:: RECORDS FOR PROCESSING ::
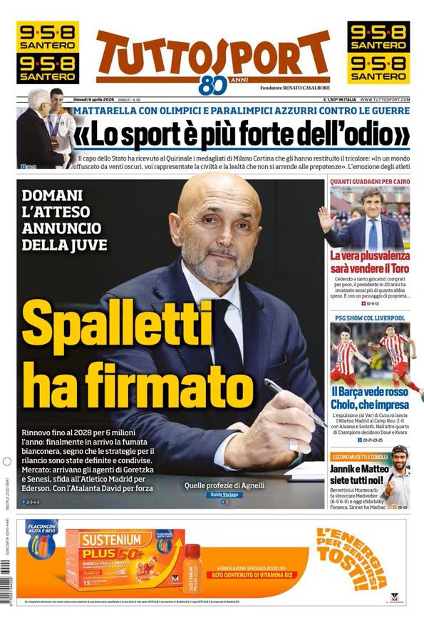 - 06:45 PRIMA PAGINA - TuttoSport: "Spalletti ha firmato"
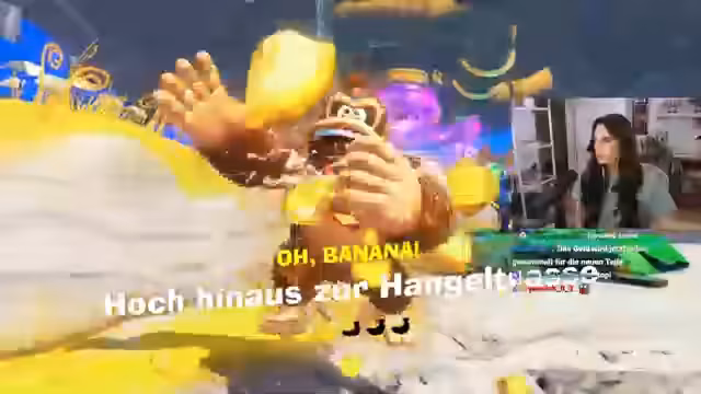 00:21:24Die Streamerin startet in das Spiel Donkey Kong Bonanza. Sie spielt den Charakter 'Monkey Boy' und erkundet die Spielwelt. Das Gameplay ist geprägt von Klettern, Schlagen und dem Sammeln von Bananen. Sie reagiert humorvoll auf die spielerischen Mechaniken und beschreibt die Welt als 'affengeil'. Es kommt zu ersten Begegnungen mit Gegnern wie Monstern und einem Bosskampf.
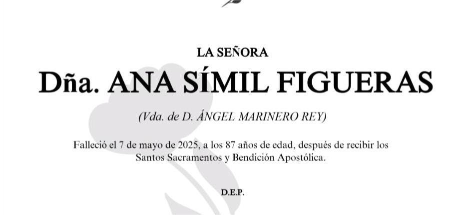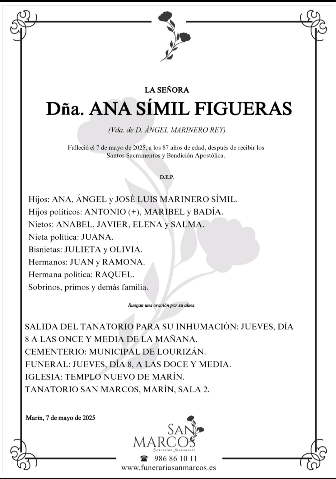 La funeraria SAN MARCOS comunica el fallecimiento hoy día 7 de mayo de doña ANA SÍMIL FIGUERAS, cuyos restos mortales permanecerán en el Tanatorio SAN MARCOS, de Marín, sala número 2 hasta el momento de su traslado, MAÑANA JUEVES día 8 de mayo a las ONCE Y MEDIA de la mañana al cementerio municipal de Lourizán para su inhumación .
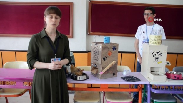 - Çorum'un Kargı ilçesinde ortaokul öğrencileri tarafından sokak hayvanları için otomatik mama makinesi tasarlandı. TÜBİTAK Bilim fuarında görücüye çıkan mama makinesini gören Belediye Başkanı Zeki Şen makinenin çoğaltılarak ilçenin çeşitli yerlerine konulacağı sözünü verdi. Atatürk Ortaokulu’nda gerçekleştirilen TÜBİTAK Bilim Fuarı’nın açılış kurdelesini Kargı Kaymakamı Hasan Taş ve Belediye Başkanı Zeki Şen’inde kesti. Fuarda birbirinden ilginç 22 proje sergilendi. Protokol üyeleri tüm standları gezerek öğrencilerin proje sunumlarını dinledi. Öğretmen Fatma Akpınar ve 3 öğrenci tarafından sokak hayvanları için tasarlanan ‘’ Can dostlarımız aç kalmasın’’ isimli otomatik mama makinesi projesi ise protokol üyeleri ve ziyaretçilerin ilgilisi çeken projelerden birisi oldu. Tasarlanan mama makinesi, ön tarafından bulunan sensör sayesinde makinenin önüne gelen kedi veya köpeği algılayarak belirli miktarda mama veriyor. Makine ayrıca manuel olarak da çalışabiliyor. Yan tarafta bulunan pedala basıldığında yine mama veriyor. Proje hakkında bilgiler veren Proje Koordinatörü Fatma Akpınar, sokak hayvanlarının yemeğe nasıl daha kolay ulaşabileceğini düşünerek böyle bir proje geliştirdiklerini belirterek, projemizin ismi can dostlarımız aç kalmasın. Sokaktaki hayvanların mamaya veya yiyeceğe daha kolay nasıl ulaşabilir sorusuyla yola çıkarak öğrencilerimizle birlikte bu mama makinelerini yaptık. Mama makinelerimiz pedallı veya arduino olarak iki şekilde çalışıyor. Pedala basıldığı zaman mama otomatik olarak hazneye düşüyor. İkinci bir çalışma yöntemi olan arduino ise kedi veya köpek makineye 5 cm yaklaştığı zaman otomatik olarak arduino pedalı çeviriyor ve mama hazneye düşüyor. Bu sayede kedi veya köpeklerimiz mamaya kolayca ulaşabiliyor’’ dedi.
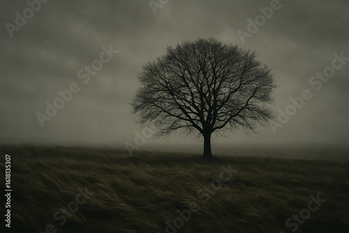 A lone bare tree in the middle of a windy field under a dramatic overcast sky, evoking a sense of solitude and resilience
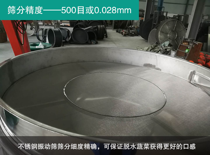 脫水蔬菜作為一種可食用的物料,對其口感有一定的要求,口感對應的是篩分精度。不銹鋼振動篩作為一種高精度篩分設備,篩分細至500目或0.028mm,篩分精度滿足脫水蔬菜行業的篩分需求。
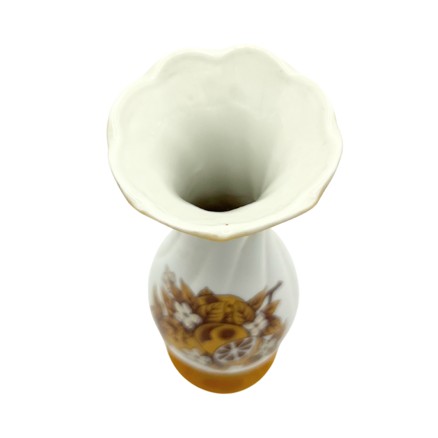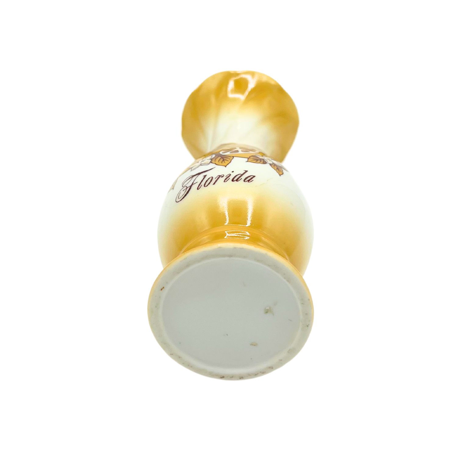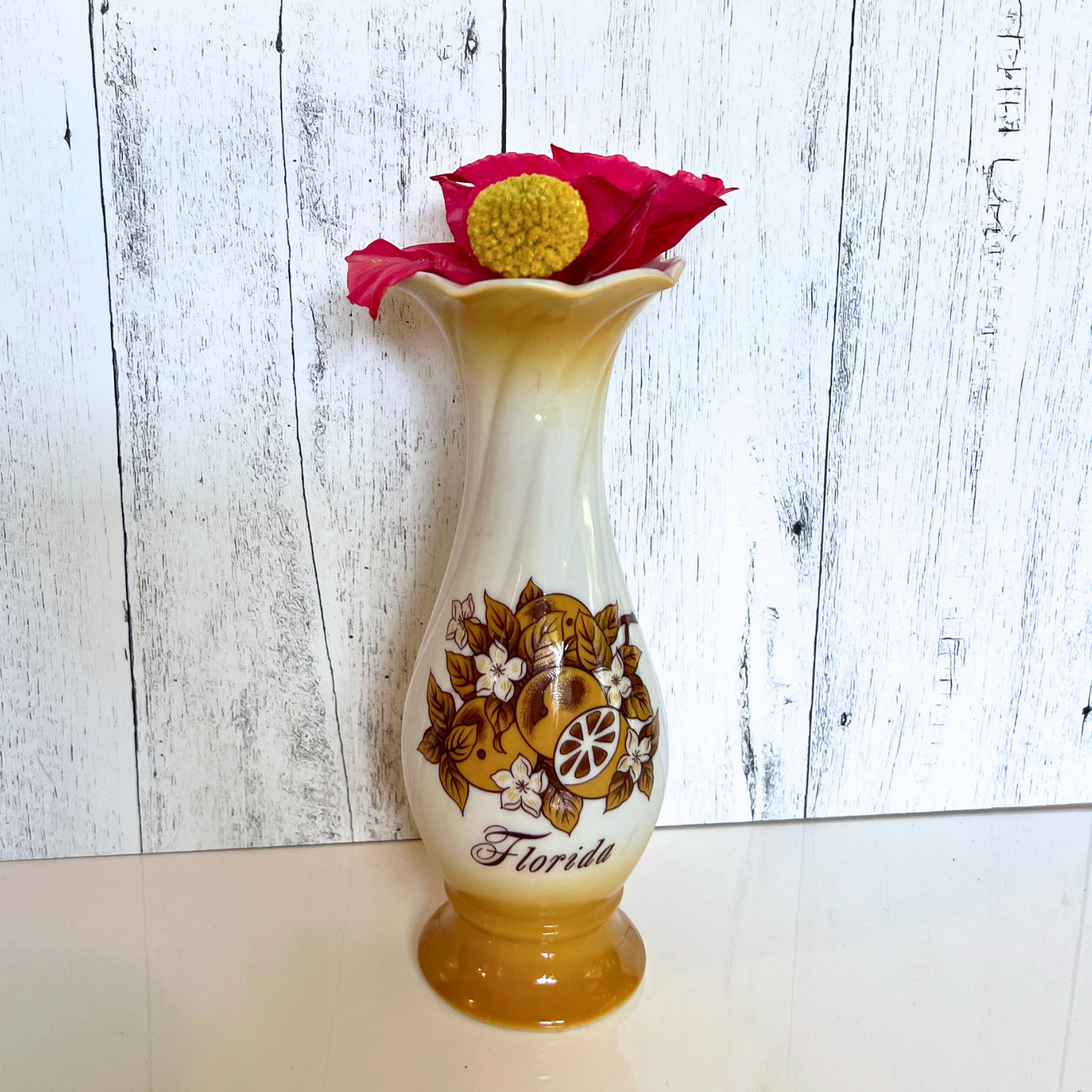 Vintage Florida vase. Estimated 1970s. Floral and fruit motif. Stands 7.25" tall.
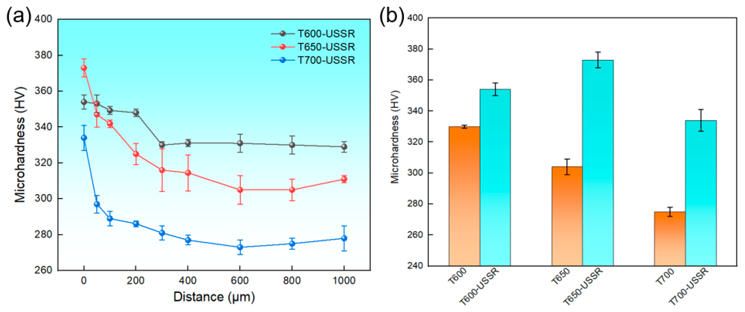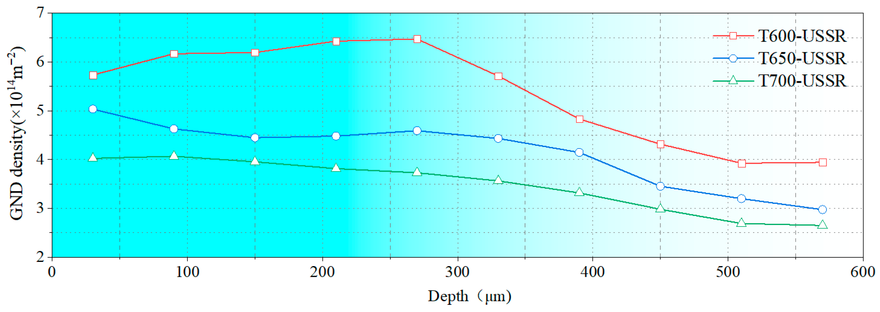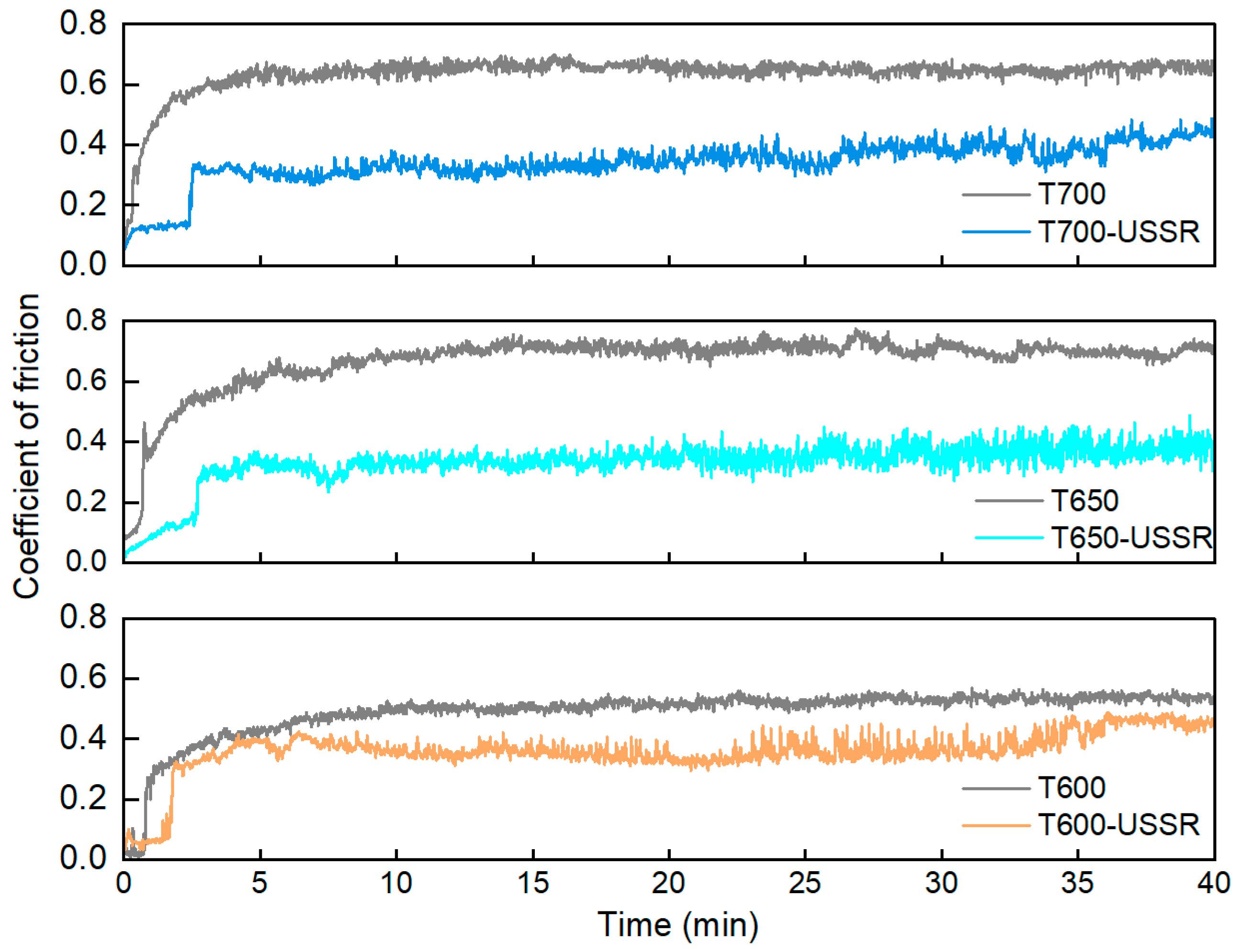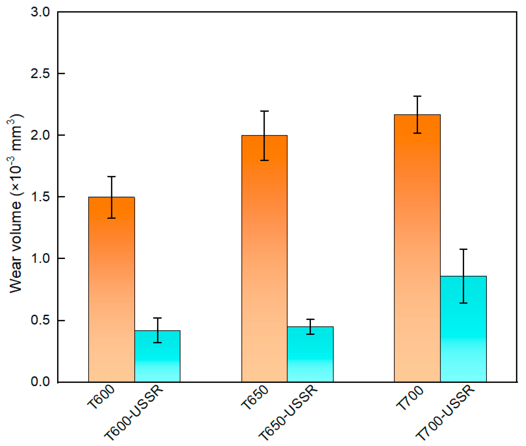- After USSR processing, the samples tempered at 600 °C, 650 °C, and 700 °C exhibit a notable increase in surface hardness, reaching 354 ± 4 HV, 373 ± 5 HV, and 334 ± 7 HV, respectively—corresponding to improvements of 7.3%, 22.7%, and 21.5% over their unprocessed counterparts. Their wear volume decreases significantly by approximately 73%, 78%, and 60% for each tempering condition, respectively. Notably, the wear volumes of the samples tempered at 600 °C and 650 °C are comparable and substantially lower than that of the sample tempered at 700 °C. USSR treatment also leads to a reduction in the coefficient of friction.

:: TASK TO CARRY OUT ::
Omit the pictures, then print the rest of the listing above exactly.

:: EXERCISE ANSWER ::
 - 06:45 PRIMA PAGINA - TuttoSport: "Spalletti ha firmato"
 00:21:24Die Streamerin startet in das Spiel Donkey Kong Bonanza. Sie spielt den Charakter 'Monkey Boy' und erkundet die Spielwelt. Das Gameplay ist geprägt von Klettern, Schlagen und dem Sammeln von Bananen. Sie reagiert humorvoll auf die spielerischen Mechaniken und beschreibt die Welt als 'affengeil'. Es kommt zu ersten Begegnungen mit Gegnern wie Monstern und einem Bosskampf.
 La funeraria SAN MARCOS comunica el fallecimiento hoy día 7 de mayo de doña ANA SÍMIL FIGUERAS, cuyos restos mortales permanecerán en el Tanatorio SAN MARCOS, de Marín, sala número 2 hasta el momento de su traslado, MAÑANA JUEVES día 8 de mayo a las ONCE Y MEDIA de la mañana al cementerio municipal de Lourizán para su inhumación .
 - Çorum'un Kargı ilçesinde ortaokul öğrencileri tarafından sokak hayvanları için otomatik mama makinesi tasarlandı. TÜBİTAK Bilim fuarında görücüye çıkan mama makinesini gören Belediye Başkanı Zeki Şen makinenin çoğaltılarak ilçenin çeşitli yerlerine konulacağı sözünü verdi. Atatürk Ortaokulu’nda gerçekleştirilen TÜBİTAK Bilim Fuarı’nın açılış kurdelesini Kargı Kaymakamı Hasan Taş ve Belediye Başkanı Zeki Şen’inde kesti. Fuarda birbirinden ilginç 22 proje sergilendi. Protokol üyeleri tüm standları gezerek öğrencilerin proje sunumlarını dinledi. Öğretmen Fatma Akpınar ve 3 öğrenci tarafından sokak hayvanları için tasarlanan ‘’ Can dostlarımız aç kalmasın’’ isimli otomatik mama makinesi projesi ise protokol üyeleri ve ziyaretçilerin ilgilisi çeken projelerden birisi oldu. Tasarlanan mama makinesi, ön tarafından bulunan sensör sayesinde makinenin önüne gelen kedi veya köpeği algılayarak belirli miktarda mama veriyor. Makine ayrıca manuel olarak da çalışabiliyor. Yan tarafta bulunan pedala basıldığında yine mama veriyor. Proje hakkında bilgiler veren Proje Koordinatörü Fatma Akpınar, sokak hayvanlarının yemeğe nasıl daha kolay ulaşabileceğini düşünerek böyle bir proje geliştirdiklerini belirterek, projemizin ismi can dostlarımız aç kalmasın. Sokaktaki hayvanların mamaya veya yiyeceğe daha kolay nasıl ulaşabilir sorusuyla yola çıkarak öğrencilerimizle birlikte bu mama makinelerini yaptık. Mama makinelerimiz pedallı veya arduino olarak iki şekilde çalışıyor. Pedala basıldığı zaman mama otomatik olarak hazneye düşüyor. İkinci bir çalışma yöntemi olan arduino ise kedi veya köpek makineye 5 cm yaklaştığı zaman otomatik olarak arduino pedalı çeviriyor ve mama hazneye düşüyor. Bu sayede kedi veya köpeklerimiz mamaya kolayca ulaşabiliyor’’ dedi.
 A lone bare tree in the middle of a windy field under a dramatic overcast sky, evoking a sense of solitude and resilience
 脫水蔬菜作為一種可食用的物料,對其口感有一定的要求,口感對應的是篩分精度。不銹鋼振動篩作為一種高精度篩分設備,篩分細至500目或0.028mm,篩分精度滿足脫水蔬菜行業的篩分需求。
 Vintage Florida vase. Estimated 1970s. Floral and fruit motif. Stands 7.25" tall.
- After USSR processing, the samples tempered at 600 °C, 650 °C, and 700 °C exhibit a notable increase in surface hardness, reaching 354 ± 4 HV, 373 ± 5 HV, and 334 ± 7 HV, respectively—corresponding to improvements of 7.3%, 22.7%, and 21.5% over their unprocessed counterparts. Their wear volume decreases significantly by approximately 73%, 78%, and 60% for each tempering condition, respectively. Notably, the wear volumes of the samples tempered at 600 °C and 650 °C are comparable and substantially lower than that of the sample tempered at 700 °C. USSR treatment also leads to a reduction in the coefficient of friction.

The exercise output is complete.